(TibetanReview.net, Oct15’21) – India said Oct 14 that it had taken note of the fact that its strategic northern neighbour Bhutan had signed an agreement with China on a “three-step roadmap” to expedite negotiations to resolve their boundary dispute. Any settlement, which involves Chinese occupied Tibet’s territory, will have significant strategic implications for India, which has a particularly special relationship with Bhutan.
The signing of the pact came four years after the Indian and Chinese armies were locked in a 73-day standoff at the Doklam tri-junction after China tried to extend a road in the area that Bhutan claimed belonged to it, noted the Indianexpress.com Oct 15.
Bhutan has said in a statement that its Foreign Minister, Lyonpo Tandi Dorji, and China’s Assistant Foreign Minister, Wu Jianghao, had on Oct 14 signed the Memorandum of Understanding (MoU) on the “three-step roadmap” for expediting the Bhutan-China boundary negotiations.
The agreement to sign a three-step roadmap was stated to have been reached during the 10th Expert Group Meeting between the two sides in Kunming in April this year.
But this does not mean that a settlement will be reached any time soon. China has made similar sounding deals with India in the past, only to see their border dispute getting even worse and protracted.

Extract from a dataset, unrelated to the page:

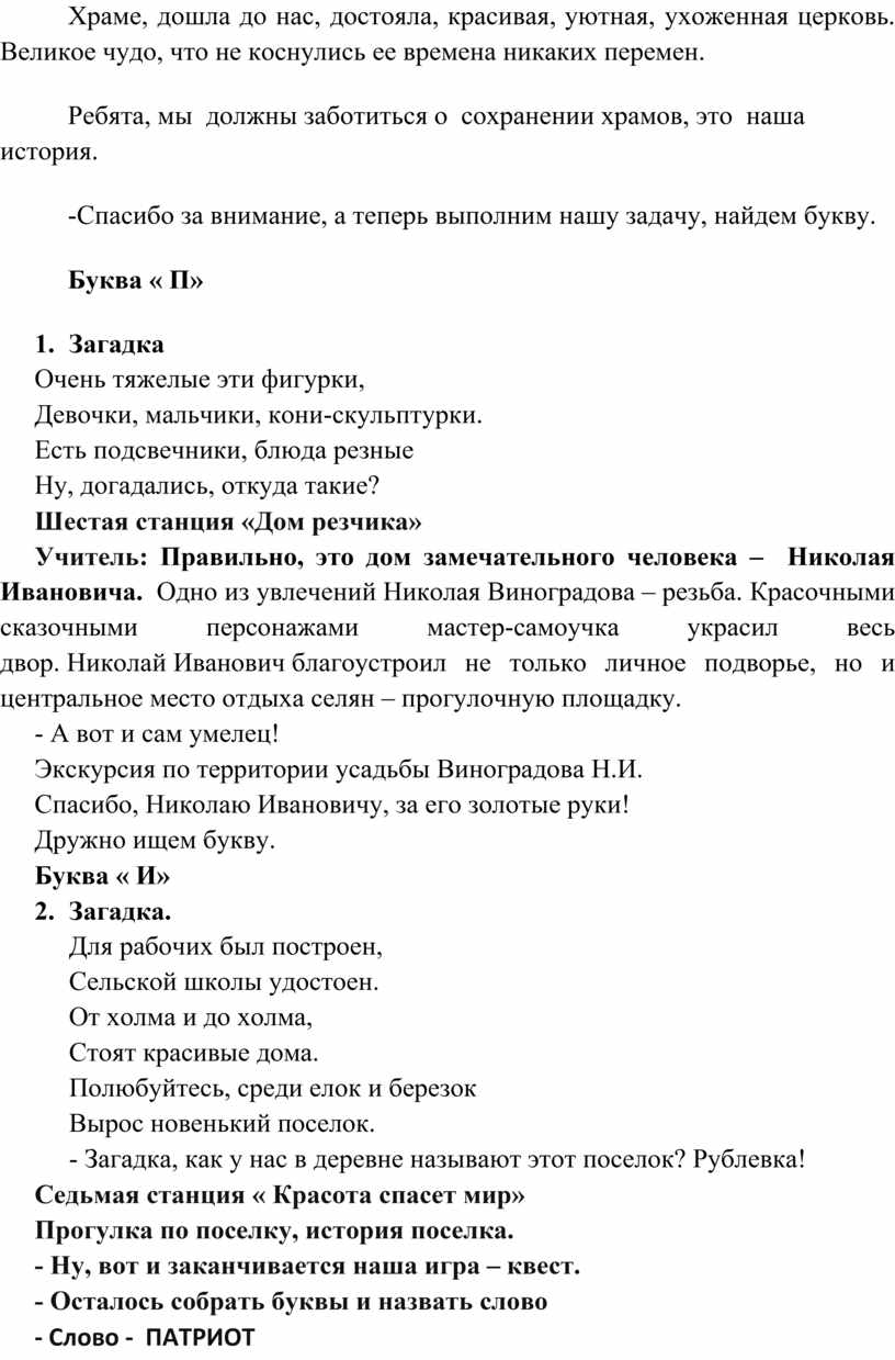 Поэтому я предлагаю вам сыграть в квест – игру и совершить увлекательное путешествие по нашему родному селу.

In fact, only a month after the Kunming meeting, reports emerged that Bhutan had reservations about the three-step roadmap proposal, one of which related to China’s new claim over the Sakteng wildlife sanctuary in eastern Bhutan (close to the Arunachal border).
It is not clear yet to what extent China has taken into account those amendments as the text of the roadmap has not been made public. However, Bhutan has said it will provide fresh impetus to the boundary talks and that it expects that the implementation of this roadmap will bring the boundary negotiations to a successful conclusion.

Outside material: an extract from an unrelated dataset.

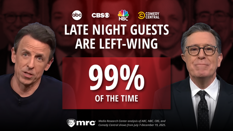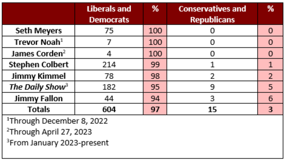 NewsBusters has been tracking late night comedy guest counts since September 2022, and the cumulative total now stands at 604 liberals and Democrats versus 15 conservatives and Republicans, or 97 percent.

“The negotiations which have been conducted in a spirit of understanding and accommodation have been guided by the 1988 Joint Communique on the Guiding Principles for the Settlement of the Boundary and the 1998 agreement on the maintenance of peace, tranquillity and status quo in the Bhutan-China Border areas,” the Bhutanese foreign ministry has said.
Bhutan shares an over 400-km-long border with Chinese occupied Tibet and the two sides have held over 24 rounds of boundary talks in a bid to resolve the dispute.
Bhutan has so far not accepted the Chinese 1996 “package deal” that offered to exchange territory in central Bhutan for Doklam, located dangerously close to India’s Siliguri Corridor. China reiterated this land swap offer last year, noted the timesofindia.com Oct 15.
China has also for long been seeking to open a diplomatic presence in Bhutan’s capital Thimpu and could very well tie this to a border settlement.